A node will join a start group X with an Id it creates. Group X will age this node at 0. As the
node has zero age it has zero impact on any consensus age requirement. **Group X will now not accept
any more new nodes**.

### Selecting a node to relocate

As groups churn they agree on a new data chain "Link" this block of the chain is named using the
hash of all nodes in the group at that time. This provides a pseudo random piece of data that the
group can agree on. The group checks A and the number of churn events so far, if 2^A churn events
have occurred the node will be relocated.

A further check of at least a single data block existing between any churn events is required. This
ensures that in times of massive network churn (network collapse or partition) this process will not
create more churn by relocating nodes. Therefore any two consecutive churn events with no data
manipulation between them will not be counted.

If there exists more than one node to relocate then the oldest node should be chosen. If two nodes
have the same oldest age then the one that has been present for the most churn events is chosen to
relocate.

### A node joining proof

On joining a group a node will require to prove capablity. This is on every join attempt to a group
and the proof must be sent directly to each node as a connection is made. The steps to create this
proof are:

1. Concatenate the key create to join the group 32768 times to create a chunk of ~1Mb in size.

2. Increment an integer value to the end of this message until the sha3 of the message has 5 leading
zero's (a proof of work similar to [hashcash](https://en.wikipedia.org/wiki/Hashcash)). A simple
script demonstrates this process with sha256 ``time (perl -e '$n++ while`echo "A Public
key$n"|sha256sum`!~/^00000/;print$n')``

### Joining the network for the first time

A node must create a key to join the network and send a `JoinRequest` message to that group. On
connecting to each group member the node must supply the `JoiningProof` as described above. AS there
is no history for this node it will be allocated an age == zero. This means the node itself on
successful join will be immediately relocated.

### Relocating a node

When a churn even does force a node to relocate to a destination group (D) from this source group
(S) then the hash that is the link block is combined with the nodes existing name and hashed to
find D. All members of S then send the nodes age incremented (++A) to D with the nodes current
PublicKey (Id).

Members of D, accumulate this message and store the node Id and age in a pending connections for a
period of 10 minutes.

The relocating node then generates a key that will fit in D and attempts to join D.

This node must then

1. Create a `JoinProof` for D

2. The current group (S) sends the join request with this nodes current ID + age incremented by 1.
__if this is a new node then it must Send a join request to the joining group (via bootstrap as it
is now), the receiving group will set the age at 0 for this node and relocate it on the first churn
event (this join will create that churn event, effectively meaning immediate relocate).__

3. This node then makes direct connections to each member of group (D) and then Sends this
`proof` to each node in the joining group on connect to confirm ability to compute and transfer
data.
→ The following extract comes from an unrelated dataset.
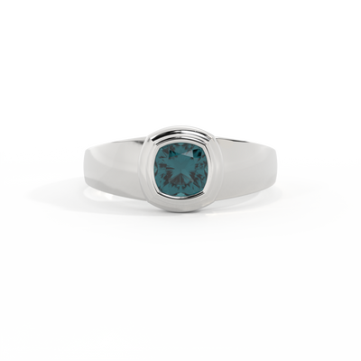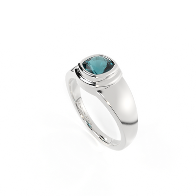 This iconic piece is set with a Cushion cut Teal Sapphire, which sits slightly proud above the 18K White Gold band in a stepped bezel setting. The shoulders taper outwards towards the center, with a rounded shank for maximum comfort. A modern heirloom for the everyday.
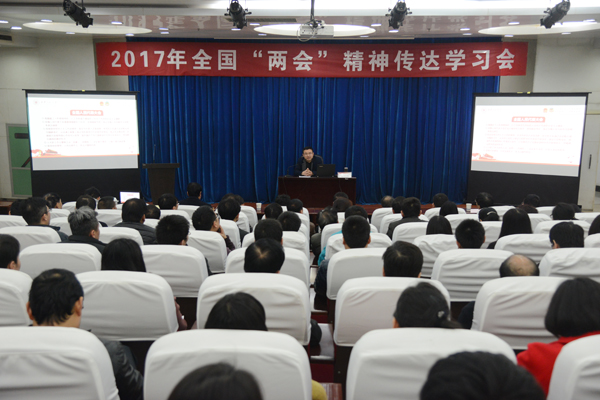 2017年3月23日,3003新葡在临潼校区图书馆一楼报告厅召开“两会”精神传达学习会。全国人大代表、3003新葡校长高岭做了2017年全国“两会”精神传达学习的报告,校领导李博飞、朱君强、黄翔、李鹏飞、朱永民、黄新波、田靖鹏,校长助理汪义瑞、全校科级以上干部、全体辅导员近两百余人参加学习。校党委副书记李博飞主持了报告会。高岭从人大会议概况、人大会议主要精神、陕西代表团工作情况三个方面介绍了参加全国人大十二届五次会议的体...

Each member of the joining group will send the `NodeBlock` for the new Link when this is
received. When the link validates this node is added to the routing table.

If a connect attempt as a node is made to the group the pending connections container is queried for
the old node Id (that signed the message). If the node "fits" in the group then it can try to join,
otherwise a message is sent back to the node refusing connection. On receipt of these messages the
node would be able to refine the generated key to "fit" into D. The node will retry the connection
in that time.

If a node cannot join in time then it will require to start on the network again at age 0.

### Subsequently joining the network

When a node recieves an identity it should store this locally. On restart the node will join the
network at it's last known group. This group will accept the node, but with an age of 0. The group
members will request any data the node has and use the agreed churn event that the node created by
joining.

As each node is satisfied that it recieved the data requested then it sends a `JoinRequest` to D on
behalf of this node with the nodes existing correct **age/2** (the age in the datachain divided by
2). This node then joins D as per normal. D accumulates the `JoinRequest`s therefore if the node
attempts to not provide the requested data it risks non accumulation and therefore having to start
again from an actual age of 0.

The reason for the node restarting with age 0 is to prevent off line agreement / sale of ID's, which
is unlikely but possible. The age divinding by 2 prevents malicious restarts to target a group. This
relocation type attack is thwarted by a very fast reduction in nodes age.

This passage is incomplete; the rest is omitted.